Two hours later, Hermione was sore but fully trussed up. Rivulets of pain leaked in through the tingling and numbness. Aches throbbed like she had been kicked through ten rounds by hippogriffs and then got eaten by a mountain troll. She was drifting in and out between sleep and crying over her lost baby when the back door clicked open. The priest met one of the nuns, and they laid Mark into her arms. Euphoria filled the empty pit inside her as her tears poured out. She shook as her kisses pressed into his wispy black hair. The baby snuggled into her chest, and his eyes opened, revealing light, sea green.

Half an hour later, the baby was grumping and squirming. She offered her breast, and he sucked, but nothing came out. Tears welled up. Guilt and inadequacy flooded into her chest, but George rubbed her shoulder. "This is pretty normal. We'll get you some milk stimulant and you'll need to pump.

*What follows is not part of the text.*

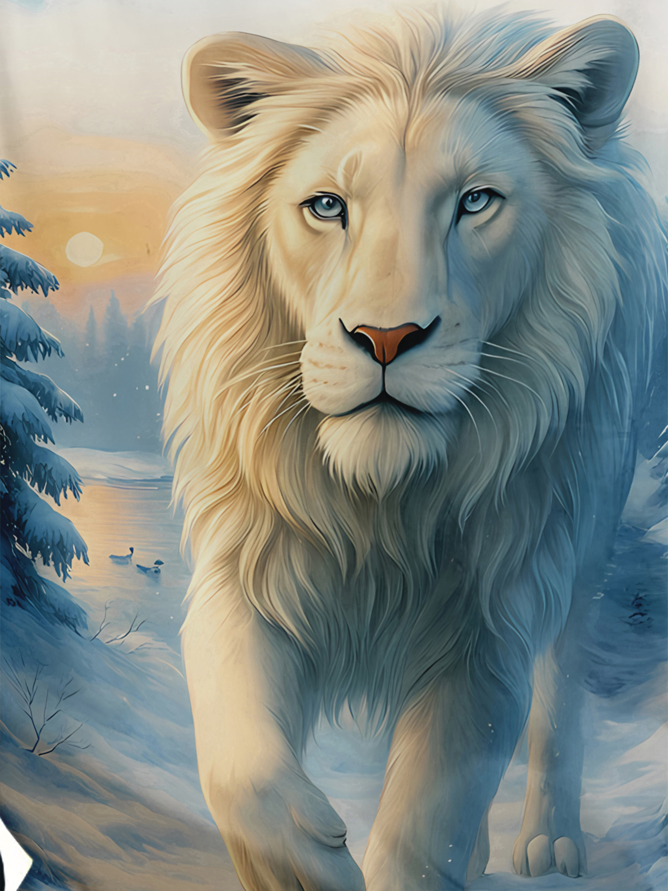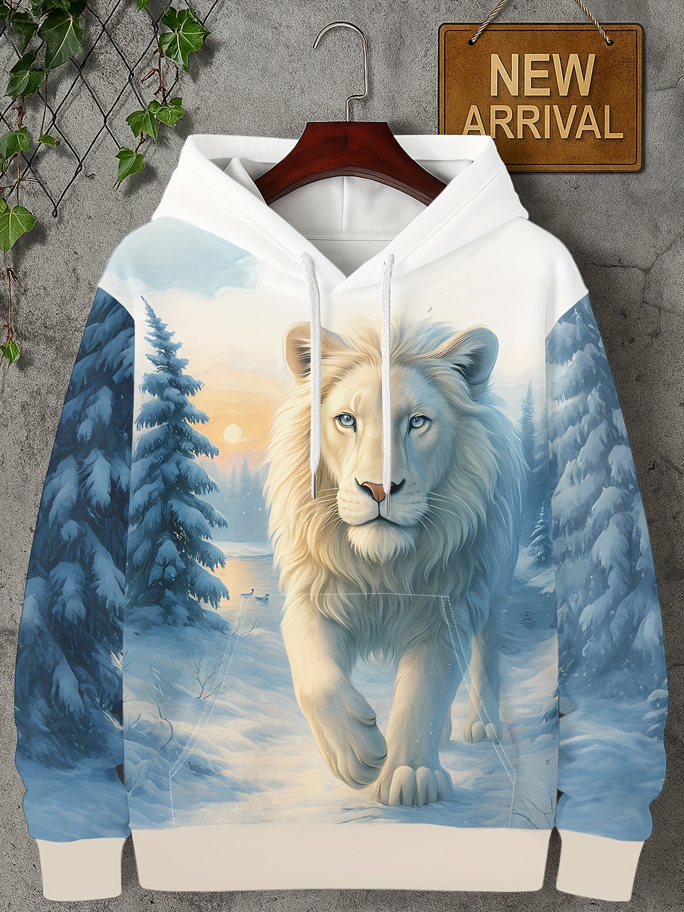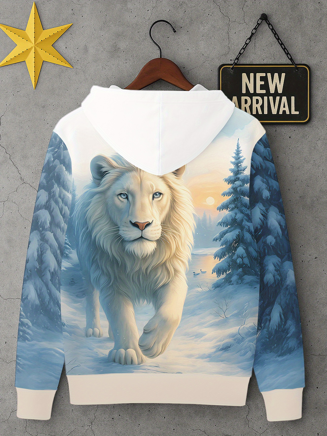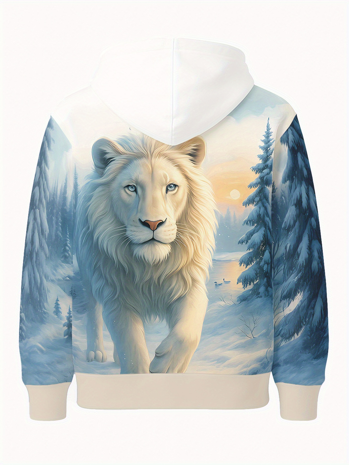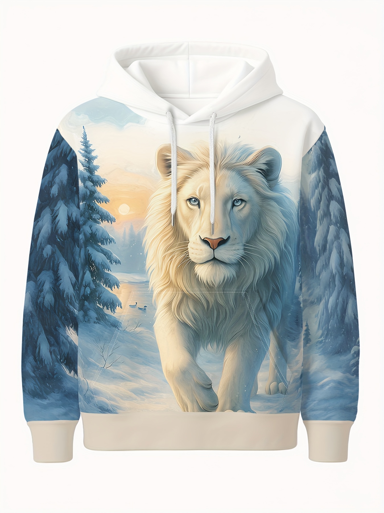 [3D White Lion Hoodie] 3D Snow Forest White Lion Hoodie for Men | Animal Print Pullover with Drawstring Hood and Pocket, Long Sleeves - Casual Autumn Winter Streetwear, Nature Wildlife Sweatshirt

Everything will be fine."

Every time she turned, the nun was staring at her. Hermione croaked, "Is everything Ok?"

"I... I saw... You were dead. Your neck was all blown up. The police officer cut the baby out with a knife from the kitchen. They left you laying there for hours, waiting for the coroner, then they piled you into one of those zipper bags and hauled you off."

She simply nodded.

The veterinarian chided them about getting baby poop into a fresh incision, so the nun changed Mark, fed and burped him, and then passed him back. The pressure on her chest burned like fire, but the warmth of her baby against her flesh comforted her.

Then they all left.

The spice shop was dark and silent and her baby was gone. Hermione wept as she pulled the thin wool blanket over her throbbing body. The cot creaked as she stared up at the yawning skylight.